Note that by default the dataset iterates over both features and targets.

Here’s how you would use the dataset inside a YAML file to train a linear classifier on the dataset:

!obj:pylearn2.train.Train {
    dataset: &train !obj:ift6266h15.code.pylearn2.datasets.variable_image_dataset.DogsVsCats {
        transformer: &transformer !obj:ift6266h15.code.pylearn2.datasets.variable_image_dataset.RandomCrop {
            scaled_size: 256,
            crop_size: 221,
        },
        start: 0,
        stop: 20000,
    },
    model: !obj:pylearn2.models.mlp.MLP {
        nvis: 146523,
        layers: [
            !obj:pylearn2.models.mlp.Softmax {
                layer_name: 'y',
                n_classes: 2,
                irange: 0.01,
            },
        ],
    },
    algorithm: !obj:pylearn2.training_algorithms.sgd.SGD {
        batch_size: &batch_size 100,
        train_iteration_mode: 'batchwise_shuffled_sequential',
        batches_per_iter: 10,
        monitoring_batch_size: *batch_size,
        monitoring_batches: 10,
        monitor_iteration_mode: 'batchwise_shuffled_sequential',
        learning_rate: 1e-3,
        learning_rule: !obj:pylearn2.training_algorithms.learning_rule.Momentum {
            init_momentum: 0.95
        },
        monitoring_dataset: {
            'train' : *train,
            'valid': !obj:ift6266h15.code.pylearn2.datasets.variable_image_dataset.DogsVsCats {
                transformer: *transformer,
                start: 20000,
                stop: 25000,
            },
        },
        cost: !obj:pylearn2.costs.cost.MethodCost {
            method: 'cost_from_X',
        },
        termination_criterion: !obj:pylearn2.termination_criteria.EpochCounter {
            max_epochs: 10
        },
    },
}

This YAML file trains a softmax classifier for 10 epochs using the first 20,000 examples of the training set. An epoch consists of 10 batches of 100 random examples. Monitoring values are approximated with 10 batches of 100 random examples.

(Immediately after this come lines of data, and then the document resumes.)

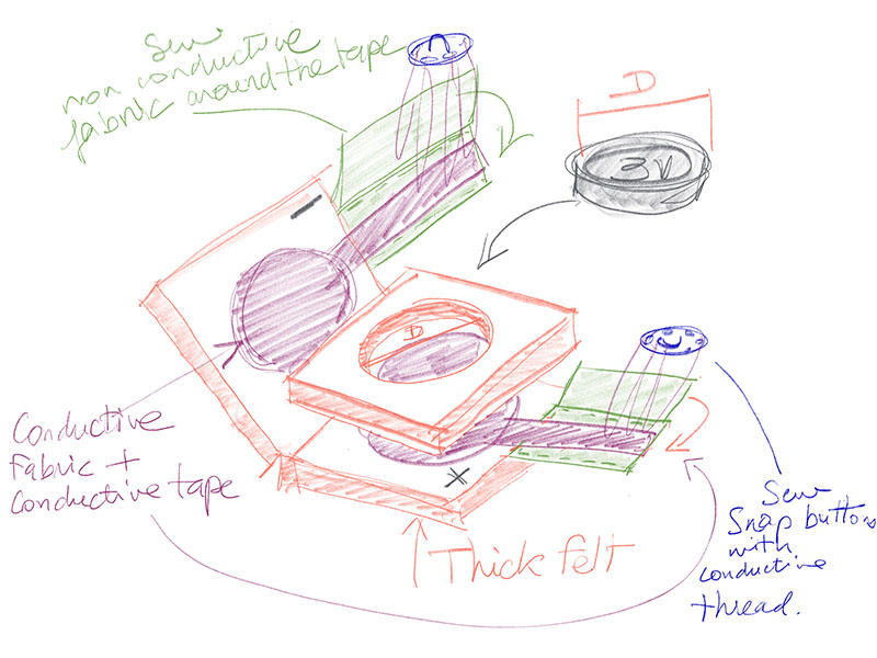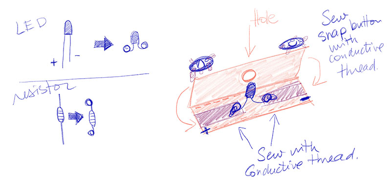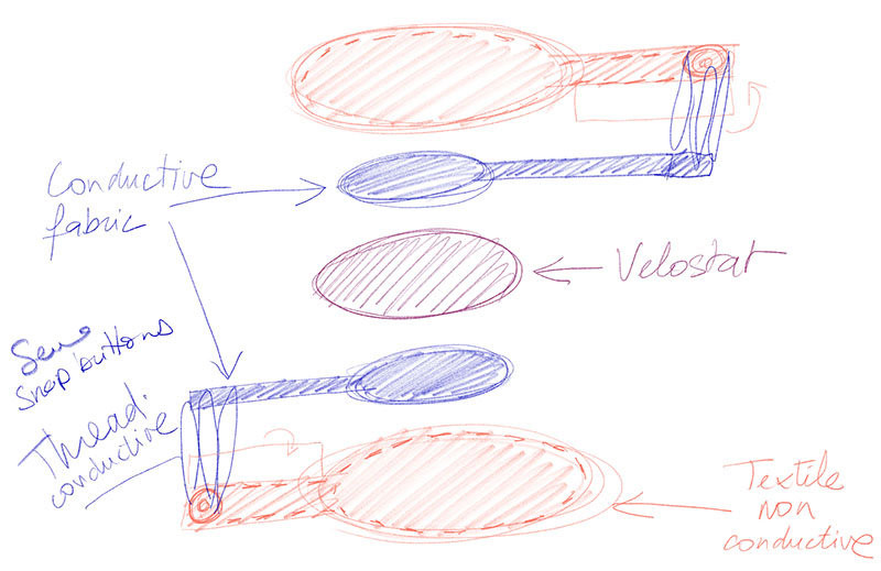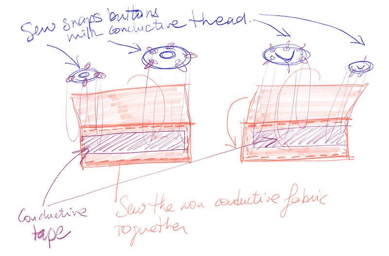 I show below diagrams with hand snaps to sew with conductive thread. To be faster, you can use the metal snap buttons to place with a clamp or a lever machine.
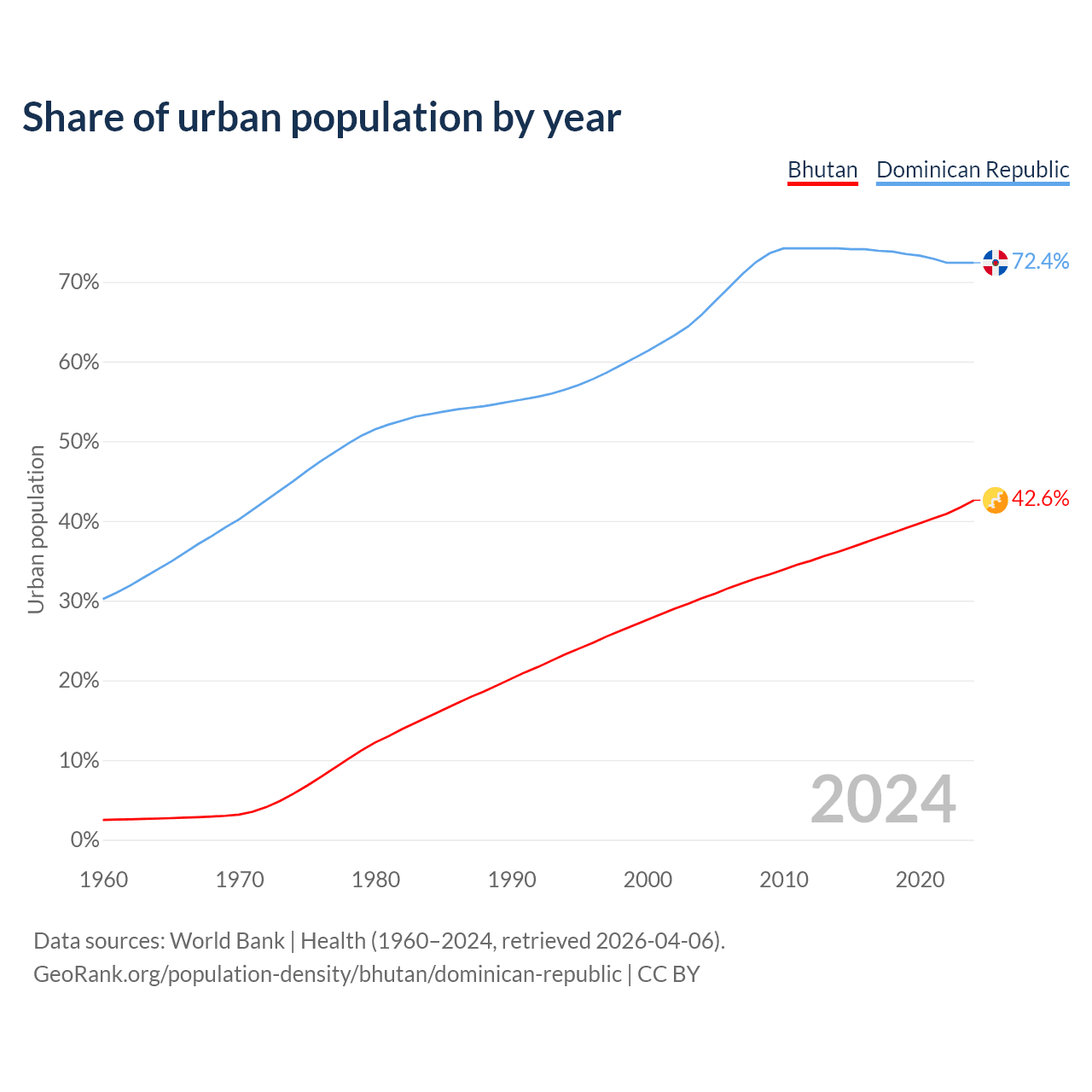 From 2004 to 2024, the share of urban population changed from 30.3% to 42.6% in Bhutan and from 65.9% to 72.4% in the Dominican Republic.
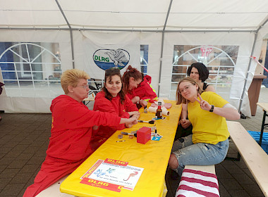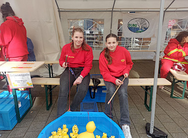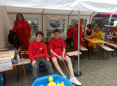 An diesem frühen Sonntagmorgen trafen wir uns bereits um 8.30 Uhr an unserem, schon bekannten Standort auf der Steinbrinkstraße in Oberhausen Sterkrade. Unsere Routine in Sachen Aufbau hilft uns bereits vor der geplanten Eröffnung einen fertig aufgestellten und dekorierten Stand zu haben. So haben wir immer noch Zeit ein kurzes gemeinsames Frühstück einzunehmen. Ab ca. 10 Uhr hieß es dann, durchgehend im Einsatz zu sein. Unser Stand war während der gesamten Zeit sehr gut besucht. Unser Entenangeln ist nach wie vor mehr als beliebt und die Warteschlange endete nie, ebenso beliebt bei den jüngeren Besuchern waren unsere Glitzertattoos mit Motiven aus der Wasserwelt. Die etwas älteren Kinder und auch einige Erwachsene konnten mit buntem Tauwerk unter Anleitung einen Schlüsselanhänger fertigen. Das ausgestellte Motorrettungsboot zog auch viele Interessierte an, hier wurde sich auch fleißig nach unserem Einsatzgebiet, der Ausstattung des Bootes nach der „Schnelligkeit“ des Bootes gefragt.
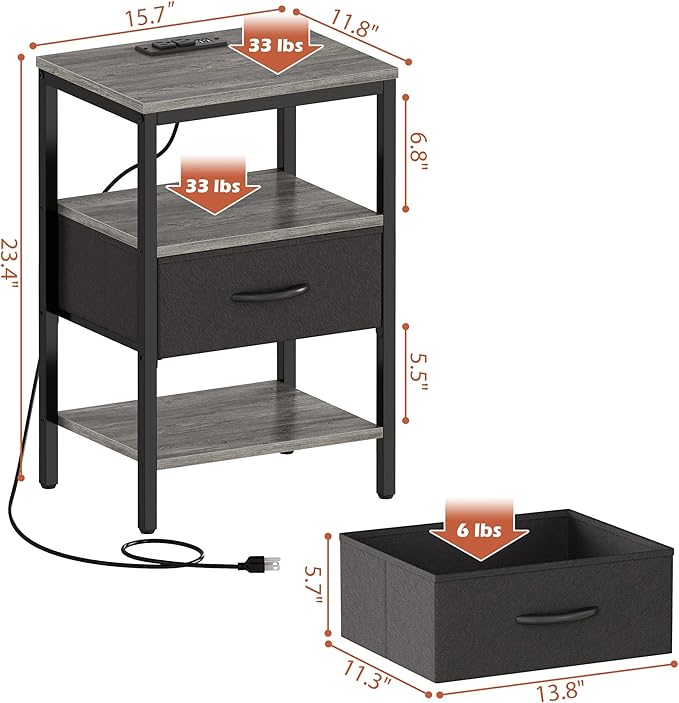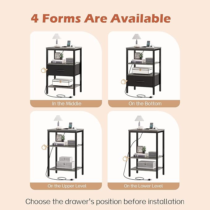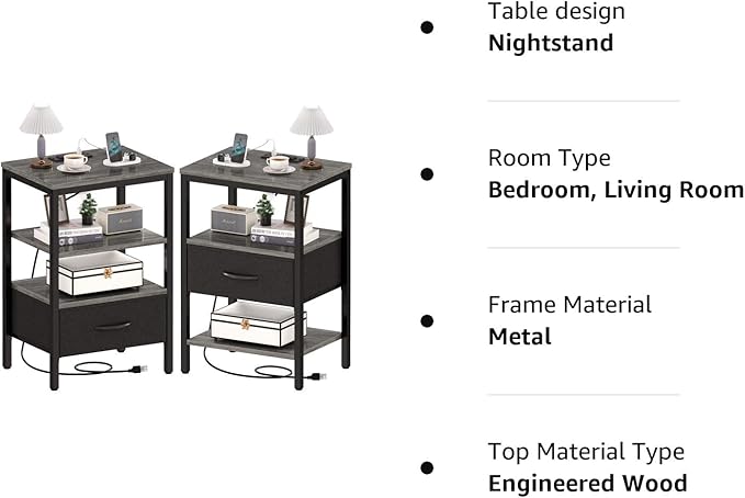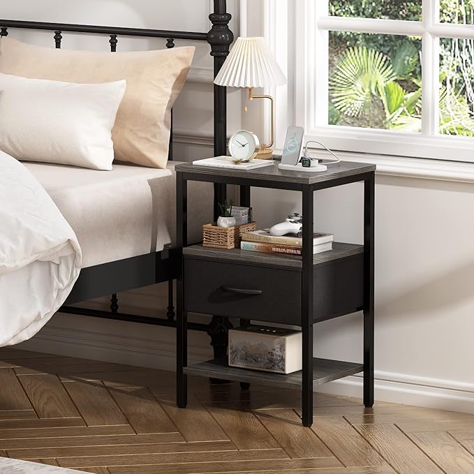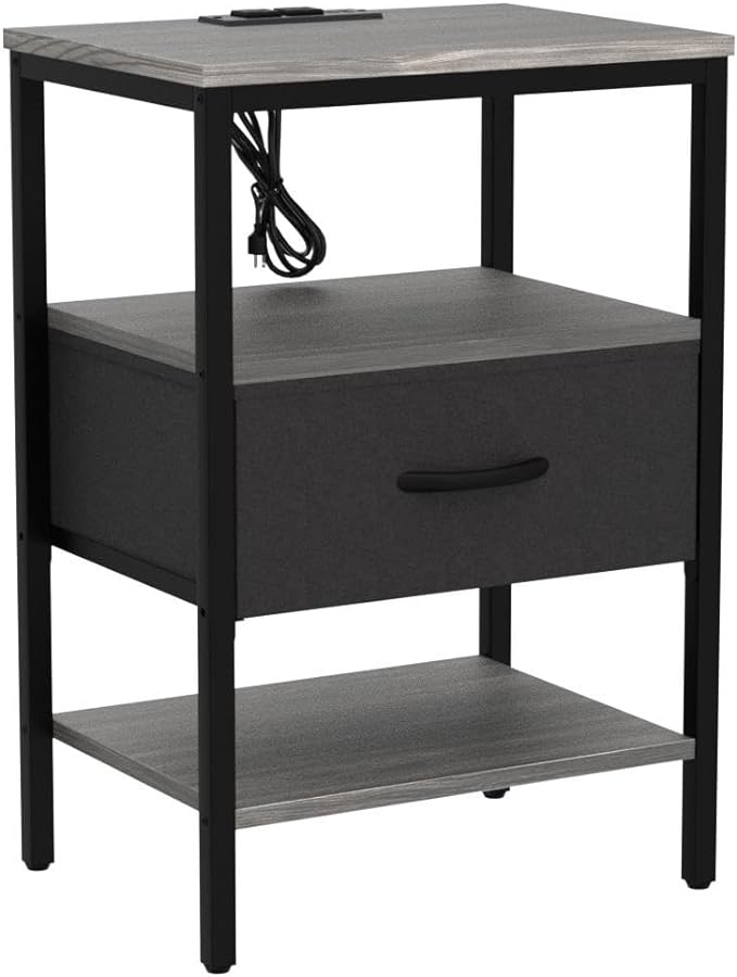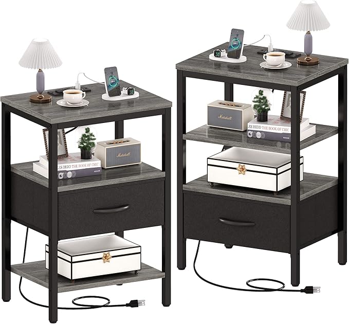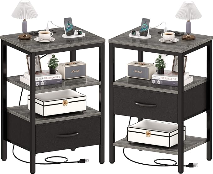 SUPERJARE Nightstand Set of 2, Bed Side Tables with Charging Station, Adjustable Fabric Drawer, Night Stand for Bedroom, 3-Tier Storage End Tables, for Living Room - Charcoal Gray
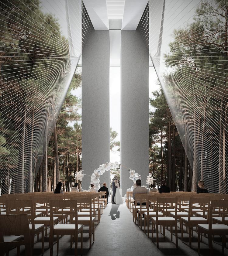 △下半部分被松林围绕,细钢索形成半通明的幕布效果,同时界定了内外空间
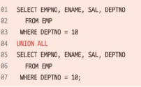 UNION: 중복제거 합집합 <-> 중복 허욜 합집합
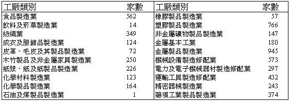 而在工厂类别上,可以发现,由于重化工业的快速发展,本期间化学制品业、金属制品制造业、机械设备制造修配业、电力及电子机械器材业、运输工具业等工厂家数增加率最高,至于其它产业的工厂数,则增加不多。

Implementing a BaseImageTransformer subclass

In order to implement your own preprocessing of the images, your BaseImageTransformer subclass needs to implement two methods: get_shape and preprocess.

The get_shape method needs to return the width and height of preprocessed images.

The preprocess method does the actual preprocessing. Given an input image, it returns the preprocessed version whose shape needs to be consistent with what get_shape returns.

Have a look at how RandomCrop is implemented to get a better feel of how it’s done.